The knowledge graph is a large semantic network consisting of rich entities and relationship information, and can be used for supplementing the relationship between users and items in a recommendation task. The embedding-based method and the path-based method in the knowledge-graph are two types common in knowledge-graph recommendation. Embedding-based methods mainly use information in the graph to better characterize entities and relationships. The Trans class model is a representation based on an embedding method. The path-based method utilizes a connectivity mode such as a meta path or a meta graph in the knowledge graph to recommend the path-based method. However, such methods are, for the most part, dependent on domain knowledge and are difficult to apply in practice. On the basis, the two methods are combined through the integration of entity embedding and connectivity information, and the entity embedding is optimized mainly through the path connectivity information of the knowledge graph. The group recommendation method is based on a common recommendation method, uses a specific aggregation method to aggregate users into user groups, learns the representation information of the groups, and models the interaction information of the user groups and items to predict the preference degree of different groups to each item.
Disclosure of Invention
The purpose of the invention is as follows: the invention aims to provide a Chinese Medicine Prescription generating method (KGAPG) based on Knowledge-graph and Group representation learning aiming at the problem that the Traditional Prescription generating method can not reasonably simulate the actual diagnosis and treatment process of Chinese Medicine. The invention considers the prescription generation as a group recommendation task, considers the symptom set of one patient as a group, and comprehensively considers the different influence of each symptom in the group, thereby expressing a plurality of symptoms as one group information by means of attention mechanism aggregation. From the theory of TCM, the group is the so-called "syndrome" of TCM, so the interaction between syndrome and herbs can be modeled. Firstly, a knowledge graph of traditional Chinese medicine is constructed, and semantic relations among different herbal medicines are learned in the knowledge graph. Then different influence weights of all symptoms in the symptom group are learned through an attention mechanism, so that the representation information of the symptom group, namely the representation information of the syndrome, is obtained through aggregation. Finally, the syndrome information and the herbal medicine information are interacted to output the predicted scores of different herbal medicines suitable for the group of symptom groups.

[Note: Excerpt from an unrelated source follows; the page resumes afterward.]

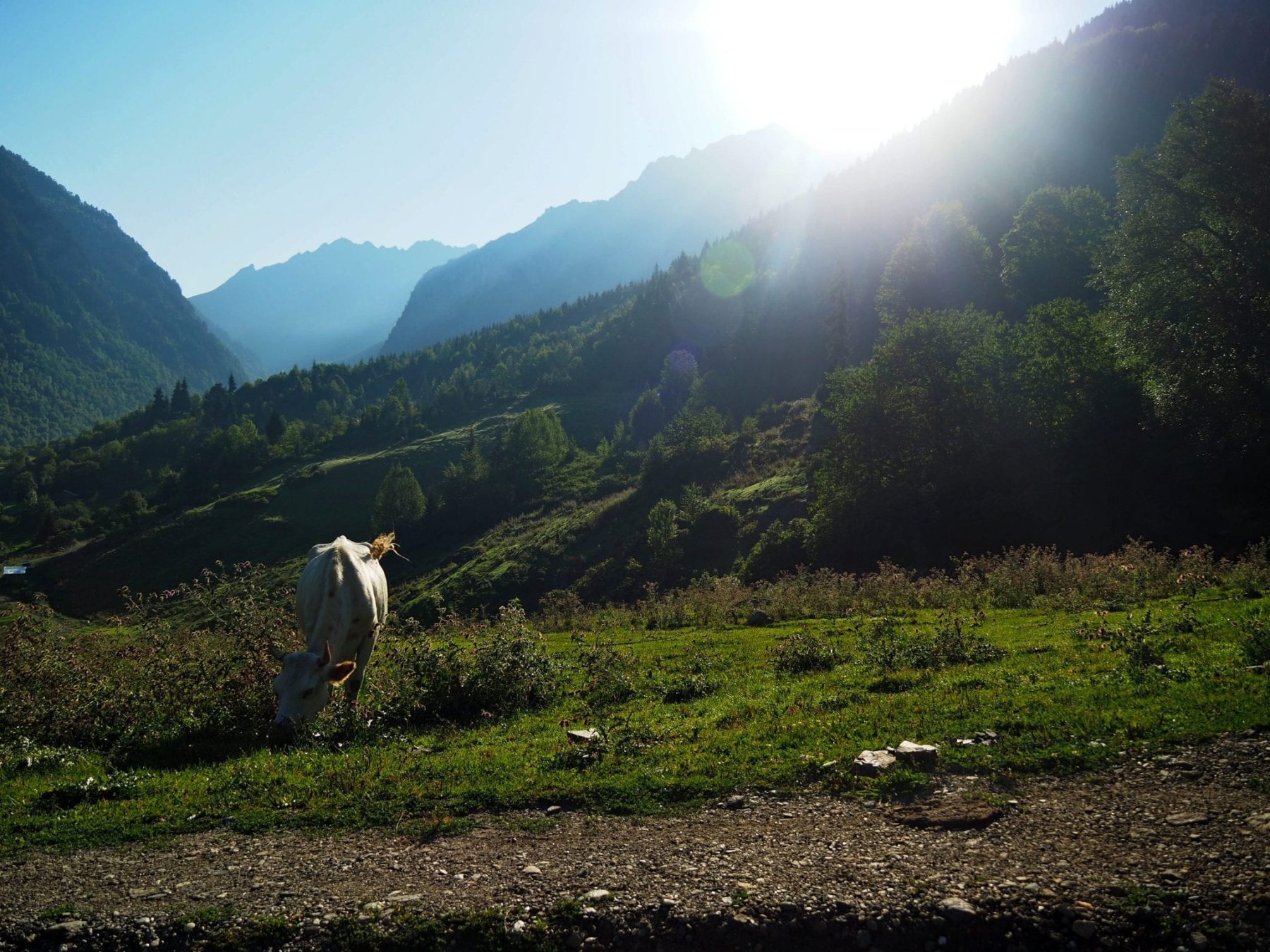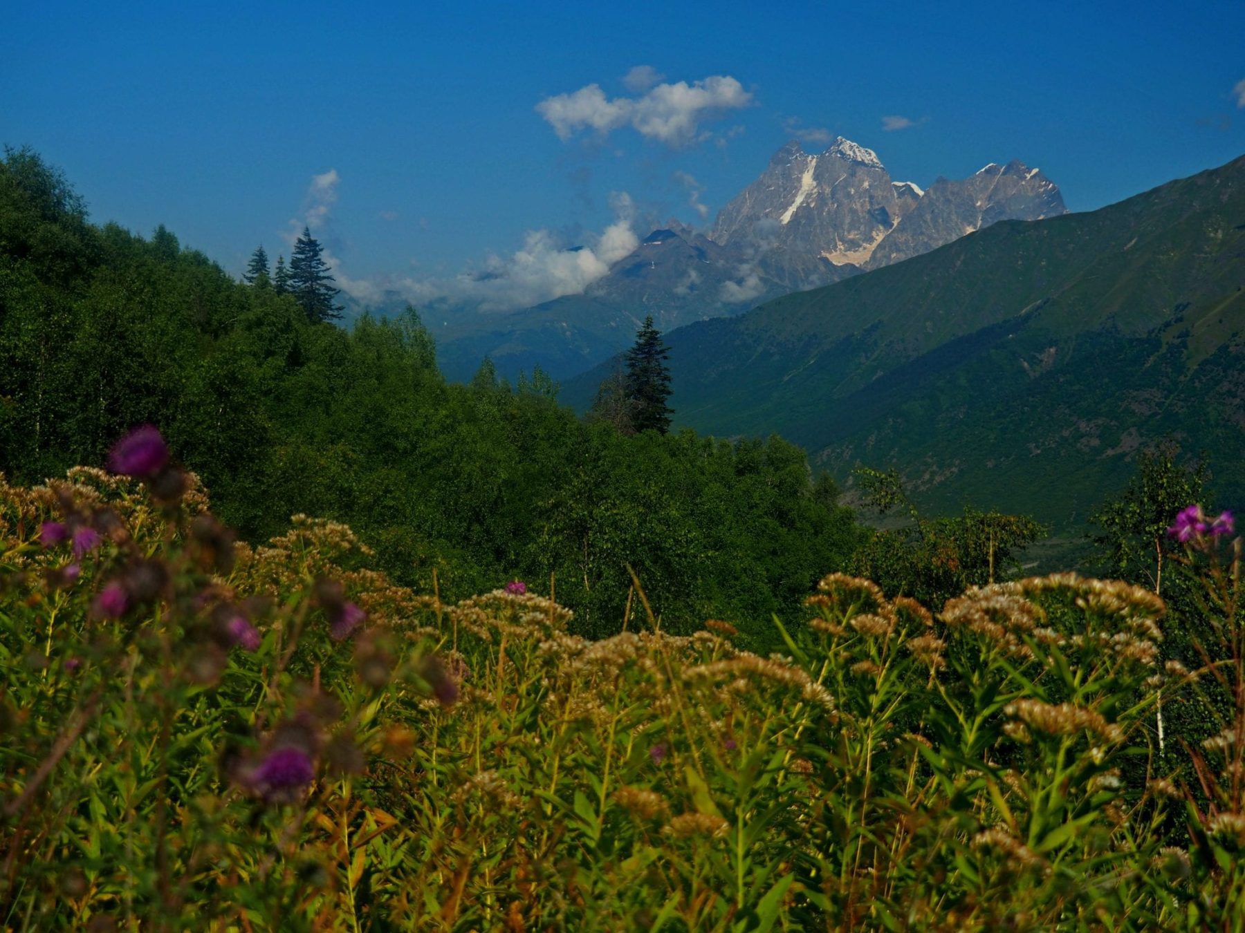 Als je gaat wandelen in Georgië is de kans groot dat je bij deze 4-daagse tocht in het Svaneti gebied uitkomt. Het is namelijk een van de meest populaire tracks in heel Georgië. Dat komt omdat de afstanden voor iedereen goed te doen zijn. De hike start in het dorp Mestia, loopt via de dorpen Zhabeshi, Adishi en Iprali naar Ushguli. De maximale afstand per dag is 17 km, de maximale hoogtemeters 900 meter en de gemiddelde wandelaar doet er per dag ongeveer 6 uur over. Ik ga er dan vanuit dat je onderweg een aantal keer pauzeert om te genieten van de besneeuwde bergtoppen, gletsjers, groene bossen, bloemenvelden en loslopende koeien. Want je loopt vier dagen lang door prachtige natuur.

The technical scheme is as follows: in order to achieve the above purpose, the method for generating a traditional Chinese medicine prescription based on knowledge graph and group representation learning of the invention sequentially comprises the following steps:
Further, step 1 specifically comprises: by Chinese medicine knowledge mapThe existing triple (ephedra, hasEffect, sweating) in (1) is taken as an example, wherein "ephedra" is a Chinese herbal medicine entity in the knowledge graph, "sweating" is an efficacy entity in the knowledge graph, and "hasEffect" indicates that the semantic relationship between "ephedra" and "sweating" can be expressed as "ephedra has efficacy of sweating". Let the notation of the triplet be (e)h,r,et) Wherein e ish,r,etThe head entity (ephedra), relationship (hasEffect) and tail entity (sweating) of the knowledge-graph are represented, respectively. First, the entities in the d-dimensional entity space are passed through Wr∈Rk×dProjecting the matrix into a k-dimensional relation space where the relation r is located to obtain an entity ehEmbedded representation within a relationship spaceAnd entity etEmbedded representation within a relationship spaceThen by optimizing the translation principleWhere r is an embedded representation of the relationship r in k-dimensional relationship space. Thereby obtaining the Chinese medicine knowledge map of the two entities of the Chinese ephedra and the sweatingIs initially embedded in the representation. According to the method, the Chinese medicine knowledge map can be finally obtainedEach entity in (a) is represented by an initial embedding after being trained by a TransR model.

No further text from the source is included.